Activity:
Transcribe word for word the section of the records below that opens with the line containing "Plaque on the" and closes with the line containing "Wikipedians tour in"; drop every picture.

Task material:
_____

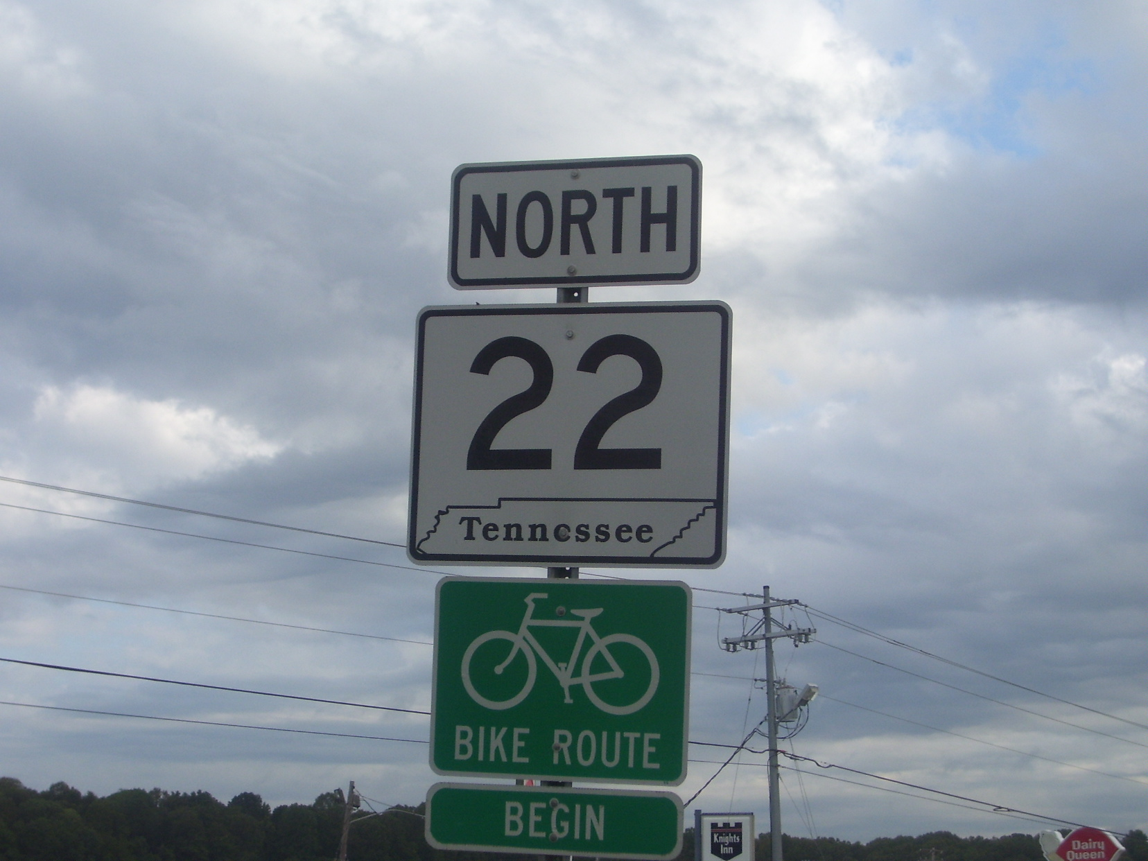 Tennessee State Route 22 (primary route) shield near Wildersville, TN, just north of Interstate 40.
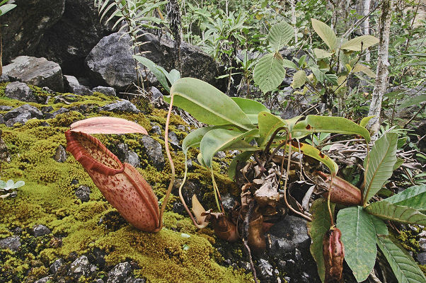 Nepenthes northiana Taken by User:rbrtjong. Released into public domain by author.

_____

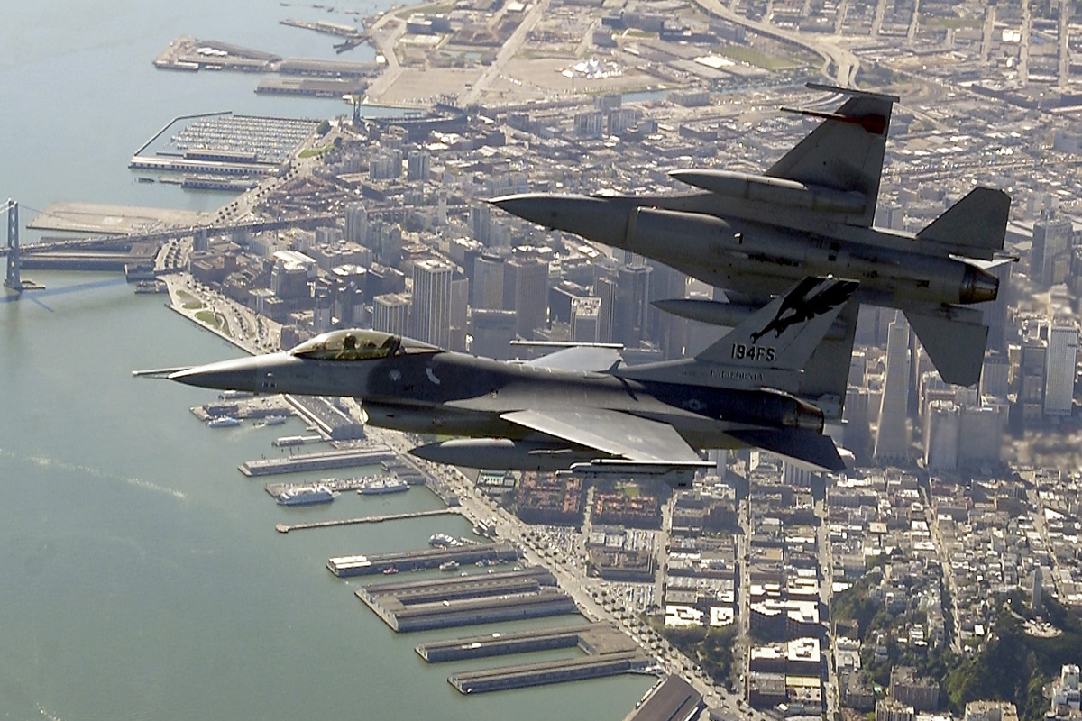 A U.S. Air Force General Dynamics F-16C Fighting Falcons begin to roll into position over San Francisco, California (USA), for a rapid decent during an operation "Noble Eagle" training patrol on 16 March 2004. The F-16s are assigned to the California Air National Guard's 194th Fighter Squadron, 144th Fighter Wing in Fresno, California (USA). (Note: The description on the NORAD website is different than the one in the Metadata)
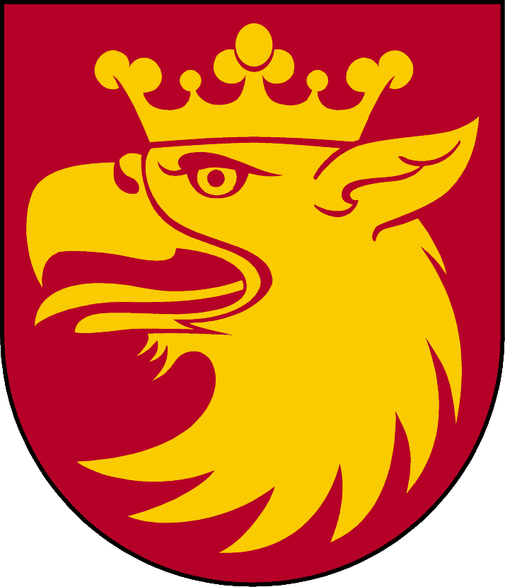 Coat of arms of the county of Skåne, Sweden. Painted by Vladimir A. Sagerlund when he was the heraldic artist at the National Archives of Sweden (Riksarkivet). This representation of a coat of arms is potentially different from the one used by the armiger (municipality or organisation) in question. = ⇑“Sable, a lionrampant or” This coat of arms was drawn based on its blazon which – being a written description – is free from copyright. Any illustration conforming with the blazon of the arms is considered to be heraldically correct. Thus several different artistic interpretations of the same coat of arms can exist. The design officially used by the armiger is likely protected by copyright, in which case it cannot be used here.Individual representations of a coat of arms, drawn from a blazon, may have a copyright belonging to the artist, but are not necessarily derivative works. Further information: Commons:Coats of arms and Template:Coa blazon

_____

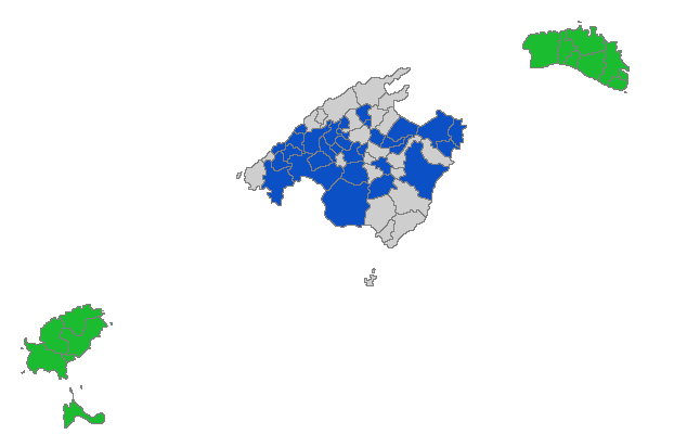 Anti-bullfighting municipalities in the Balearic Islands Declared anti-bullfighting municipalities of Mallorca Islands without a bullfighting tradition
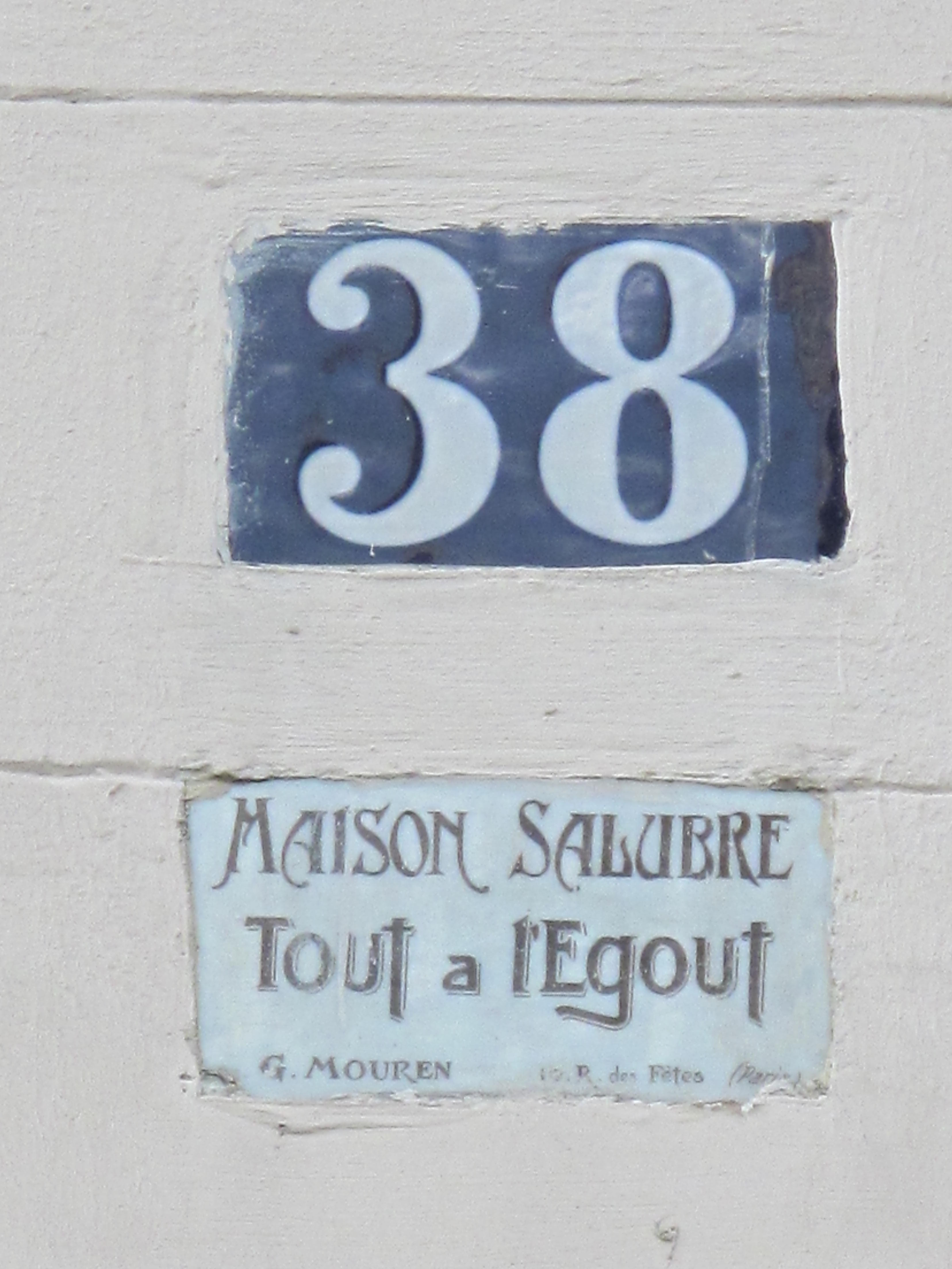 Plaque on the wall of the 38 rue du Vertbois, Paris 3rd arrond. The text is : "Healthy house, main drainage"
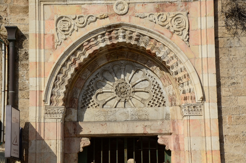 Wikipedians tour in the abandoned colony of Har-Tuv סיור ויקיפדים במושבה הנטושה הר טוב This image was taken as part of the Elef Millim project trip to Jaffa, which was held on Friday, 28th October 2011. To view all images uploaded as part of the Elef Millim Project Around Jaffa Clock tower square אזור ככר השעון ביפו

_____

Exercise response:
 Plaque on the wall of the 38 rue du Vertbois, Paris 3rd arrond. The text is : "Healthy house, main drainage"
 Wikipedians tour in the abandoned colony of Har-Tuv סיור ויקיפדים במושבה הנטושה הר טוב This image was taken as part of the Elef Millim project trip to Jaffa, which was held on Friday, 28th October 2011. To view all images uploaded as part of the Elef Millim Project Around Jaffa Clock tower square אזור ככר השעון ביפו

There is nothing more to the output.